PROBLEM TO SOLVE -
A word-for-word copy of the data, pictures excluded, is what this task asks for.

DATASET CONTENT -
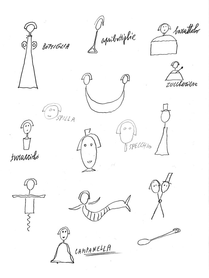 Drawing by Alessandro Mendini for the 20th anniversary of Anna G.
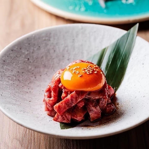 新鮮な純正肉を濃厚な卵黄と絡めて※安心安全な生食用食肉認可店です!小さなお子様、妊娠中のお客様はご遠慮ください
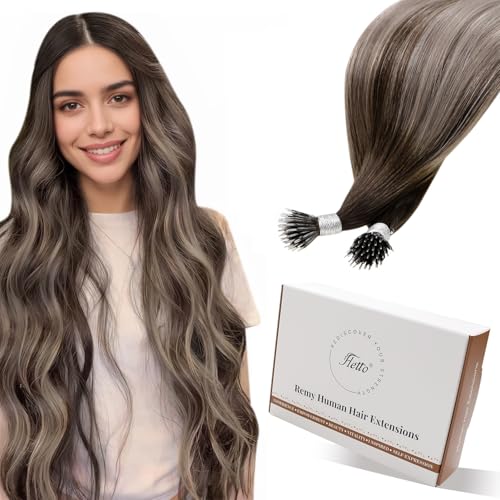 YoungSee U Tip Hair Extensions Human Hair Ombre Dark Brown Mixed Ash Blonde K Tip Hair Extensions Ombre Hot Fusion Hair 16In 1G/S 50G Long Lasting
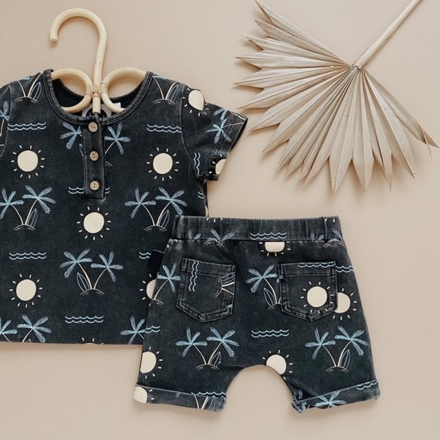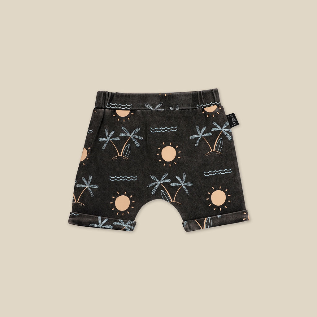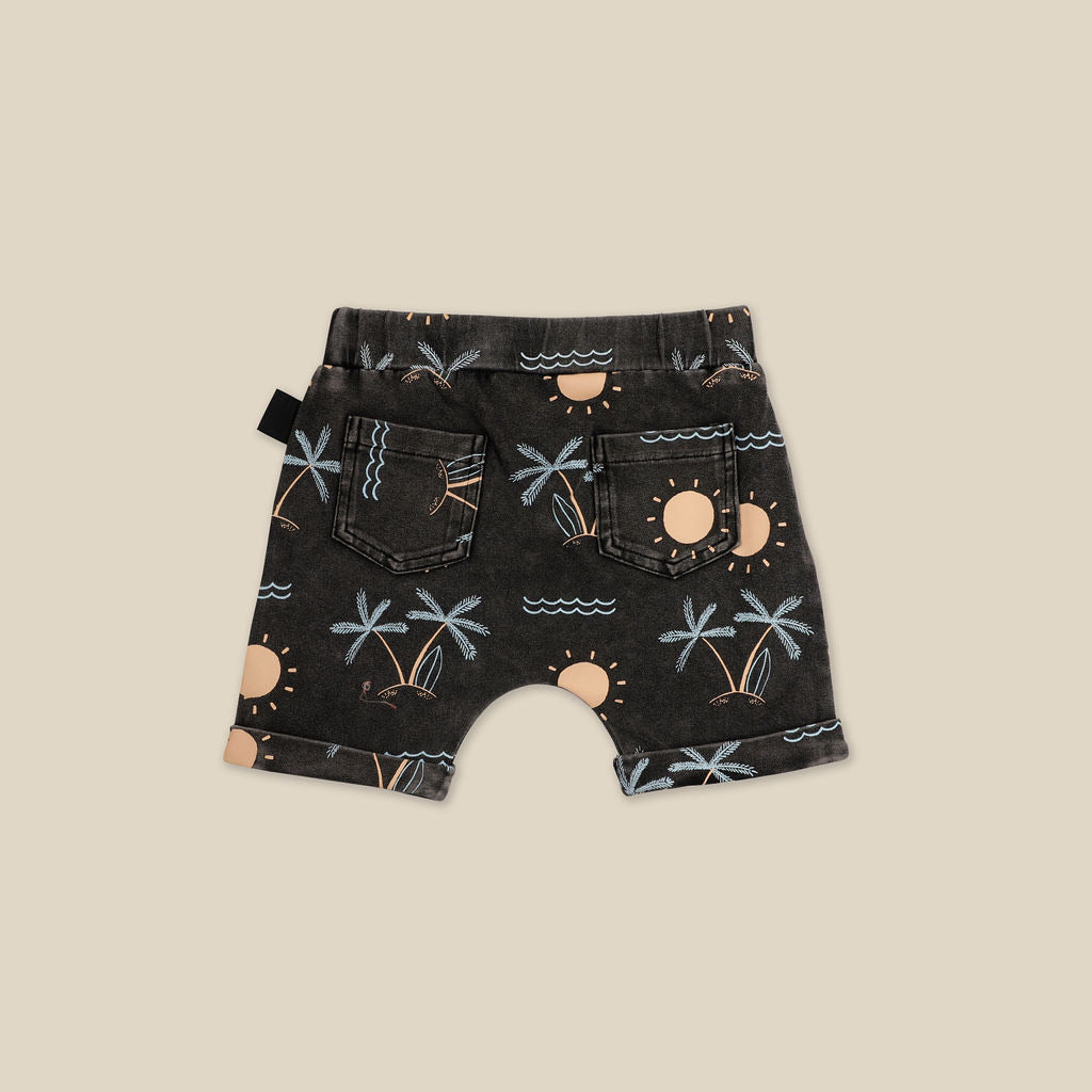 A cute new shorts shape for little ones. These little shorts feature our Exclusive Sunseeker palm tree print on acid wash jersey. The washed out fabric creates a retro feel. The farbric has stretch to it for running and playing in. Cute pocket detail at the back and elasticated waist and cuffed hem. Designed in Melbourne, Made Ethically in China. Our garments now comes packaged in Compostable, reusable bags.

ANSWER BELOW -
 Drawing by Alessandro Mendini for the 20th anniversary of Anna G.
 新鮮な純正肉を濃厚な卵黄と絡めて※安心安全な生食用食肉認可店です!小さなお子様、妊娠中のお客様はご遠慮ください
 YoungSee U Tip Hair Extensions Human Hair Ombre Dark Brown Mixed Ash Blonde K Tip Hair Extensions Ombre Hot Fusion Hair 16In 1G/S 50G Long Lasting
 A cute new shorts shape for little ones. These little shorts feature our Exclusive Sunseeker palm tree print on acid wash jersey. The washed out fabric creates a retro feel. The farbric has stretch to it for running and playing in. Cute pocket detail at the back and elasticated waist and cuffed hem. Designed in Melbourne, Made Ethically in China. Our garments now comes packaged in Compostable, reusable bags.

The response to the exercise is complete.